Unix legend, who owes us nothing, keeps fixing foundational AWK code

Brian Kernighan speaking onstage.

Enlarge / Brian Kernighan speaking at a tribute to his Bell Labs coworker and The C Programming Language co-author Dennis Ritchie in 2012. Ritchie's visage in dominoes is behind Kernighan. (credit: Ben Lowe/Flickr)

A Princeton professor, finding a little time for himself in the summer academic lull, emailed an old friend a couple months ago. Brian Kernighan said hello, asked how their US visit was going, and dropped off hundreds of lines of code that could add Unicode support for AWK, the text-parsing tool he helped create for Unix at Bell Labs in 1977.

"I have tested this a fair amount but clearly more tests are needed," Kernighan wrote in the email, posted in late May as a kind of pseudo-commit on the onetrueawk repo by longtime maintainer Arnold Robbins. "Once I figure out how ... I will try to submit a pull request. I wish I understood git better, but in spite of your help, I still don't have a proper understanding, so this may take a while."

Kernighan is the "K" in AWK, a special-purpose language for extracting and manipulating language that was key to Unix's pipeline features and interoperability between systems.
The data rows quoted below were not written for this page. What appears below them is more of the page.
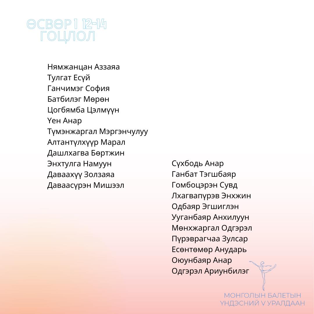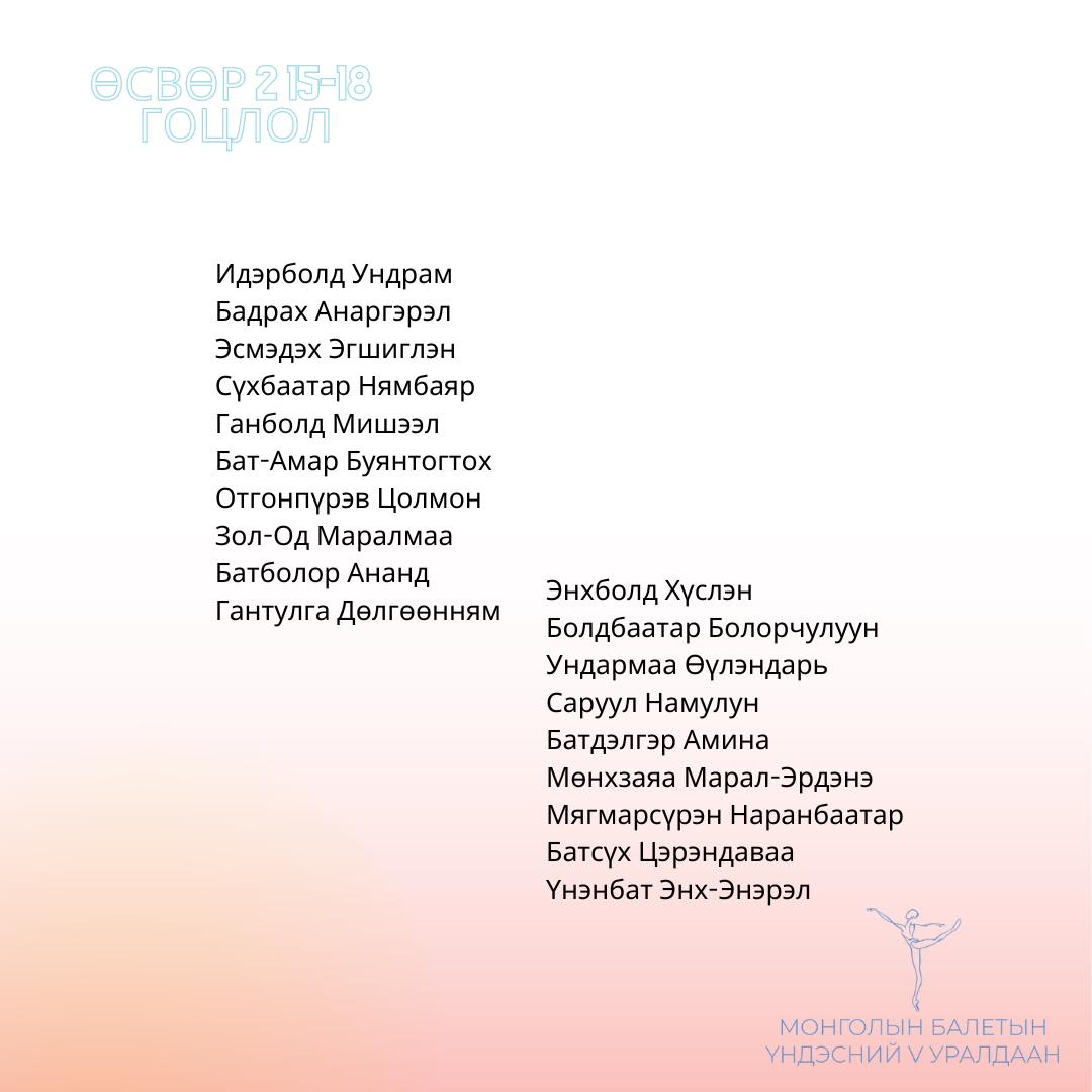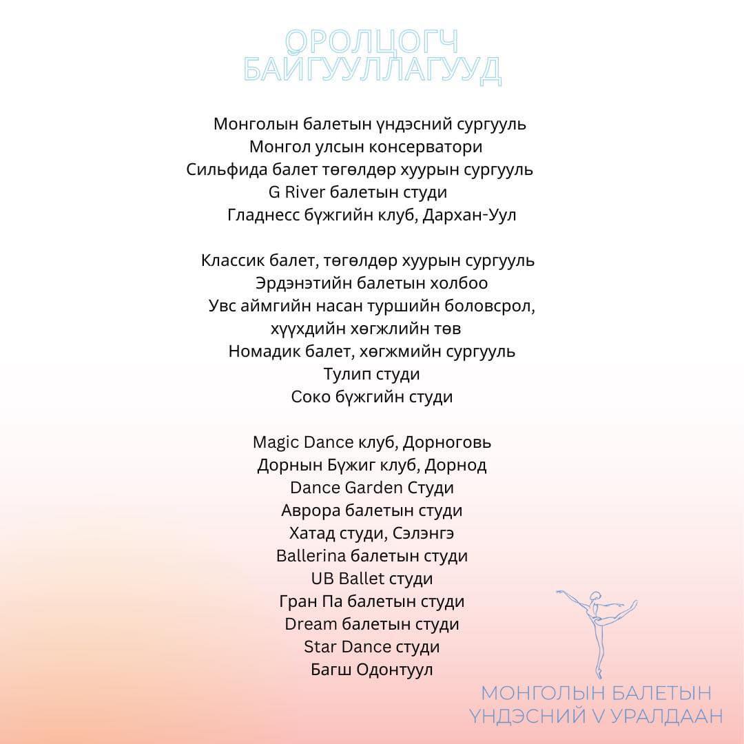 Оролцогчид болох 6-18 насны сурагчид хийгээд залуу бүжигчид Сонгодог балетын багийн болон Гоцлол бүжгийн төрлөөр өрсөлдөх ба бүртгэл гуравдугаар сарын 24-нийг дуустал үргэлжилж, оролцогчдоо тодрууллаа.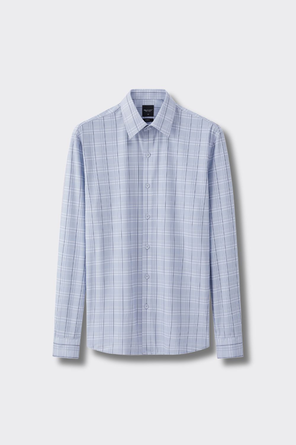Thiết kế: Tay dài, lá cổ nhọn, hoạ tiết caro kẻ mảnh được phối màu ghi xanh thanh lịch
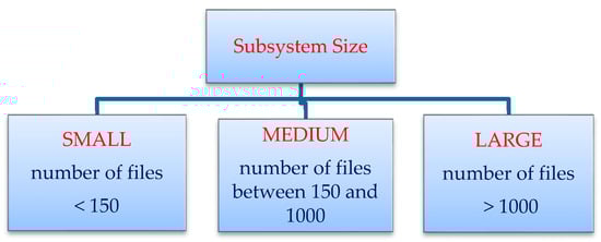 A software subsystem/system can be classified according to the number of files in the subsystem. A subsystem can be classified as small, medium, or large according to the criteria shown in Figure 9. A subsystem is considered small-sized if the number of files in the subsystem is less than 150. It is considered to be medium-sized if the number of files in the subsystem is between 150 and 1000. A subsystem is considered large if it contains more than 1000 files.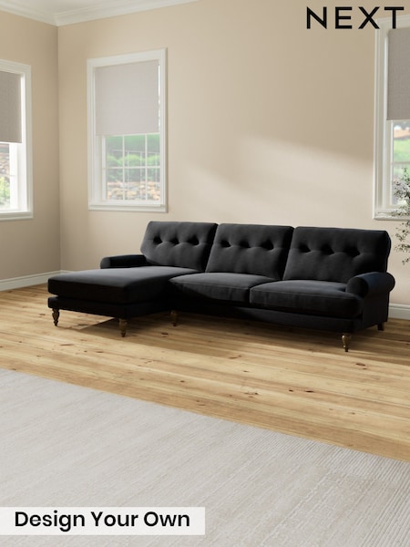 Fine Chenille Easy Clean/Black Erin Buttoned Back Deep Relaxed Sit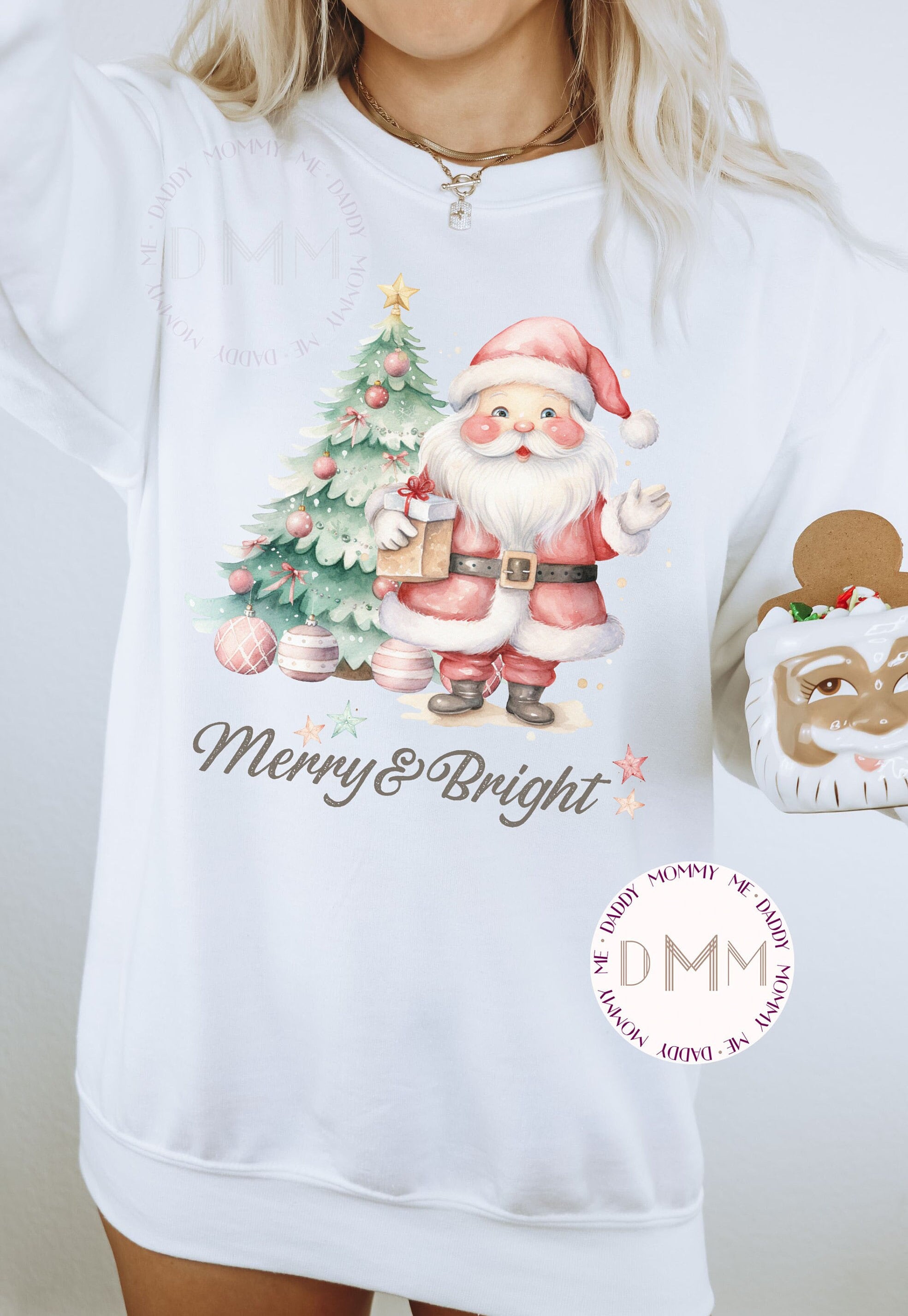 Merry And Bright Santa Sweatshirt Cute Christmas Sweatshirt Trendy Sweatshirt Oversized Sweatshirt Women Santa Sweatshirt Christmas Sweater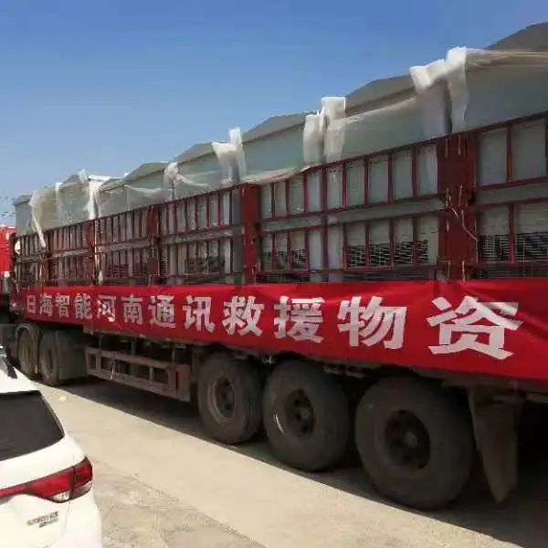 7 月 27 日上午发货至广州,由日海通服广东公司支援的应急抢修人员接到后直接开车赶赴郑州。为保障河南省基础通信设备正常运转,智能设备员工们又日以继夜、加班加点,在最短时间内完成了运营商客户需求,不计成本地全力支援河南省的灾情应急保障。

A working awk function (AWK is the language, awk the command to invoke it) is critical to both Standard UNIX Specification and IEEE POSIX certification for interoperability. There are countless variants of awk—including modern derivations with support for Unicode—but "One True AWK," sometimes known as nawk, is a kind of canonical version based on Kernighan's 1985 book The AWK Programming Language and his subsequent input.